4. **Word2Vec (Pretrained)**  
   - Use pretrained embeddings (e.g., GoogleNews vectors).  
   - Convert each document into a vector (average word embeddings).  

    
5. **Doc2Vec**  
   - Train your own Doc2Vec model on the dataset.  
   - Represent each document with its vector.  
   
---

## Step 3: Try Two Classifiers
For **each text representation method**, train **two different models** and compare:

- **Logistic Regression**
- **Naive Bayes** (or any other model of your choice, e.g., SVM, Decision Tree)

Hint:  
- Logistic Regression usually performs well on sparse features (BoW, TF-IDF, N-grams).  
- Naive Bayes is very fast and works surprisingly well for text classification.  
- Compare their accuracy for each representation.

---

## Step 4: Results Table
Fill in your results:

| Representation | Logistic Regression Acc | Naive Bayes Acc | Notes |
|----------------|--------------------------|-----------------|-------|
| BoW            |                          |                 |       |
| TF-IDF         |                          |                 |       |
| N-grams        |                          |                 |       |
| Word2Vec       |                          |                 |       |
| Doc2Vec        |                          |                 |       |
---

## Reflection Questions
1. Which method gave the best accuracy?

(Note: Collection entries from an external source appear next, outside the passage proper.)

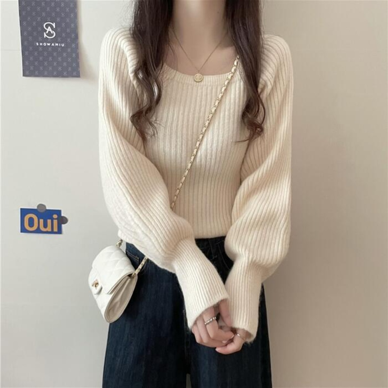 ふわっとしたパフスリーブが女性らしいリブニットトップス。
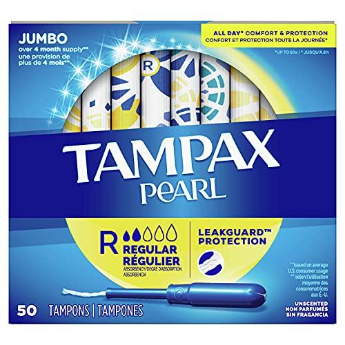 Its time to Tampax and live your life without limits. Get incredible all day comfort and protection for up to eight hours with Tampax Pearl tampons. Choose from five different absorbencies to match your changing flow. Got leaks? Go up an absorbency. Uncomfortable to remove? Go down an absorbency. Designed with a LeakGuard Braid to help stop leaks before they happen. Tampax Pearl Regular Absorbency provides protection you can feel good about. Free of dyes, perfume, latex*, BPA, and elemental chlorine bleaching. Plus, inserting the tampon is made easy thanks to the applicators Anti-Slip Grip, while Tampax FormFit protection lets it gently expand to your individual shape. Ready to ditch the leaks? Get amazing protection with Tampax, the #1 U.S. Gynecologist recommended tampon brand**. Discover your perfect flow combo and get the protection you need. *natural rubber latex **based on 2020 survey
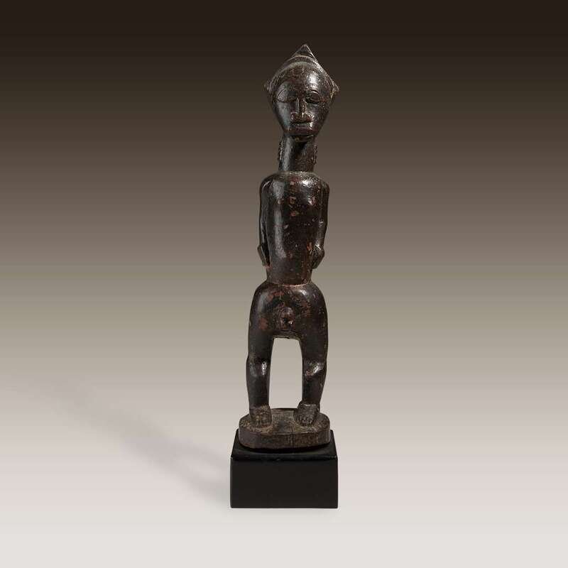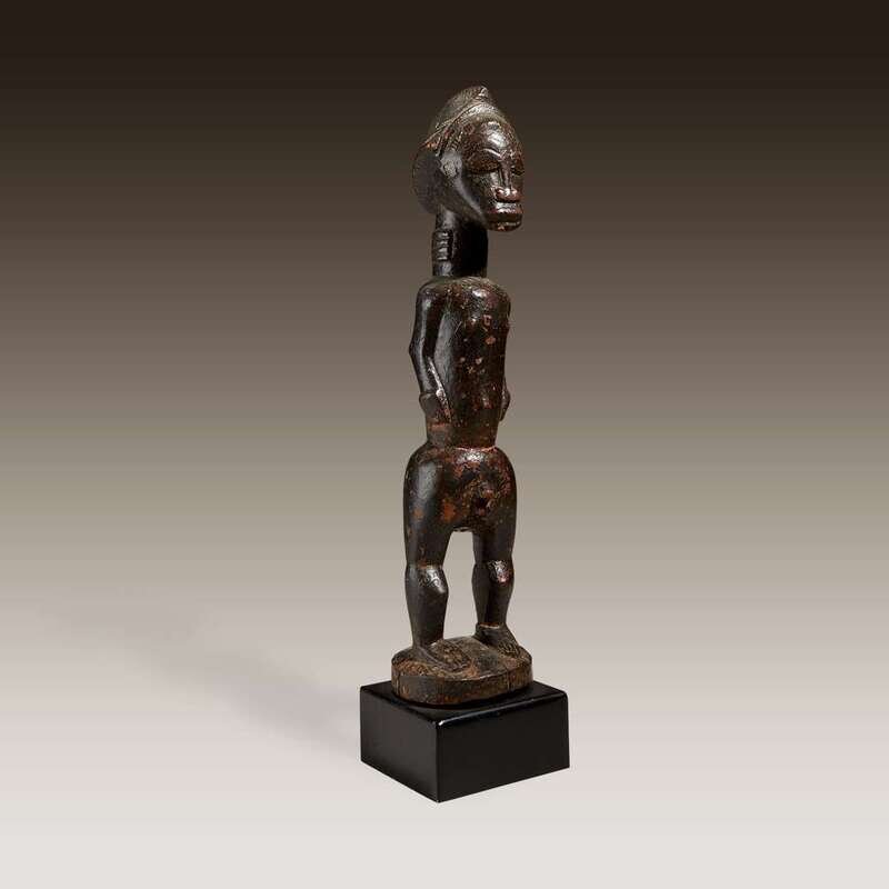 Carved wood, shown standing on an integral plinth, the left foot turned slightly inwards, the arms held to the sides, the long neck with scarification marks the sides, the facial features reduced to the essence of form, with a three-part coiffure.

Why?  
2. Did N-grams improve performance compared to BoW?  
3. How do pretrained embeddings (Word2Vec) compare to TF-IDF?  
4. Which method is more efficient in terms of speed and memory?  
5. If you had to build a **real news classifier**, which method would you choose and why?  


-------


## Step 1: Data Preparation
- Load the **AG News dataset** (train.csv & test.csv).  
- Combine the **title + description** into one text field.  
- Apply **basic preprocessing**:
  - Lowercase  
  - Remove symbols/punctuation  
  - Try stopwords removal or stemming → compare results  

---


In [20]:
import pandas as pd
import re
import nltk
from nltk.corpus import stopwords
from nltk.stem import PorterStemmer
from sklearn.feature_extraction.text import CountVectorizer
from sklearn.linear_model import LogisticRegression
from sklearn.naive_bayes import MultinomialNB
from sklearn.metrics import accuracy_score
from sklearn.feature_extraction.text import TfidfVectorizer
nltk.download('stopwords')



[nltk_data] Downloading package stopwords to /root/nltk_data...
[nltk_data]   Package stopwords is already up-to-date!


True

In [5]:
train_df = pd.read_csv(r"/content/train.csv")
test_df = pd.read_csv(r"/content/test.csv")

In [6]:
train_df.head()

Unnamed: 0,Class Index,Title,Description
0,3,Wall St. Bears Claw Back Into the Black (Reuters),"Reuters - Short-sellers, Wall Street's dwindli..."
1,3,Carlyle Looks Toward Commercial Aerospace (Reu...,Reuters - Private investment firm Carlyle Grou...
2,3,Oil and Economy Cloud Stocks' Outlook (Reuters),Reuters - Soaring crude prices plus worries\ab...
3,3,Iraq Halts Oil Exports from Main Southern Pipe...,Reuters - Authorities have halted oil export\f...
4,3,"Oil prices soar to all-time record, posing new...","AFP - Tearaway world oil prices, toppling reco..."


In [7]:
# Rename columns (علشان Class Index فيها مسافة)
train_df = train_df.rename(columns={"Class Index": "label"})
test_df = test_df.rename(columns={"Class Index": "label"})

In [8]:
#Combine the title + description into one text field
train_df["text"] = train_df["Title"] + " " + train_df["Description"]
test_df["text"] = test_df["Title"] + " " + test_df["Description"]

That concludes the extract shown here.